И Лавра поведала ему о собственных злоключениях, которые произошли в декабре: о фанатичных последователях Бальваровского, пожелавших устроить кровавый ритуал для своего инфернального хозяина, о пугающих способностях Рудольфа Орфина, о безумном археологе Стреглове и о конфликте с преподавателем Суровкиным.
– Остановимся на этом преподавателе, – вновь перехватил инициативу психолог. – Что заставляло Вас бояться его: издёвки, внешность, непристойное предложение или смерть?..

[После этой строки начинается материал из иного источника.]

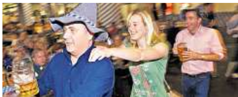
Wiesn-Gaudi in Basel.
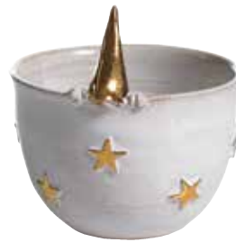
8990-7 Ljuslykta/Skål Tomte Guld ø7cm Candle holder/Bowl Santa Gold ø7cm
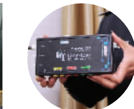
左图:警方现场对记者测谎 上图:测谎仪的“大脑”身价30万
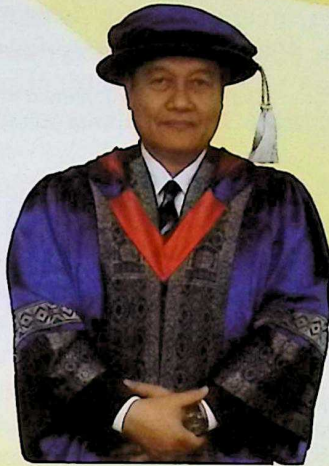
Naib Canselor • Vice Chancellor • رئيس الجامعة
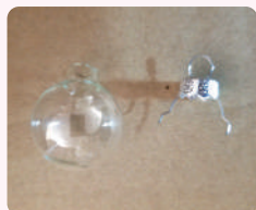
② ガラスボールの金属の部 分を外す
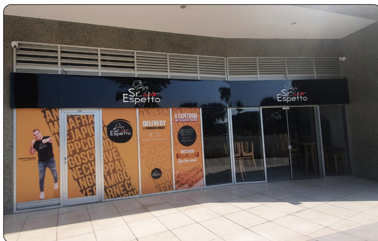
SR. ESPETTO - Restaurante

A ACM através do seu informativo traz um pouco destas novidades para que todos possam conferir os serviços que estão sendo inaugurados no bairro. Para quem ainda não visitou as avenidas do Union Mall fica a dica. Continuem acompanhando as novidades do bairro também pelo nosso site: www.acmrj.com.br
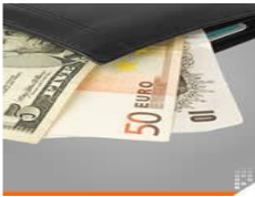
Resim 1. 11: Para

Taşıyan para ve kıymetlerin; üçüncü kişiler tarafından silahla tehdit veya tecavüz veya zor kullanmak suretiyle meydana gelecek gasp, hırsızlık, herhangi bir araç ve nakli esnasında aracın kazaya uğraması veya yanması neticesinde ziya ve hırsızlıklar ve nakil esnasında zorunlu sebepler neticesinde meydana gelecek kayıpları temin eder.

– Я как-то не задумывалась над этим, – пожала плечами девушка. – Внешность?.. Не сказать, чтобы он был каким-то страшным. Однако его глаза, знаете, у них был такой необычный цвет – ярко-зелёный. Они напоминали мне глаза какого-то зверя… Я часто вспоминаю их. К тому же, когда я нашла Рафаэля Бергетовича мёртвым в его квартире, мне вдруг вспомнился случай в санатории. Тот случай с убийством Коваля. У него были точно такие же зелёные глаза, и они смотрели на меня с таким же вопросом, словно хотели забрать с собой…
– То есть ваш страх перед преподавателем уже был заложен в Вас изначально, потому что он обладал тем же редким цветом глаз?
– Думаю, это так…
– А знаете, Лавра, что во времена инквизиции к людям с такими глазами относились очень настороженно. В средние века основным доказательством при обвинении в колдовстве выступал как раз цвет глаз – зелёный. Им обладали многие так называемые ведьмы.
– Да, мне об этом известно. Ещё вроде бы рыжий цвет волос играл здесь не последнюю роль.
– Вот видите, это вполне нормальное явление бояться таких людей, и они хорошо осознают это. Многие из них специально пользуются этим, чтобы их боялись. А страх, как известно, соседствует с уважением, с признанием…
– То есть я и дальше должна бояться зеленоглазых мужчин?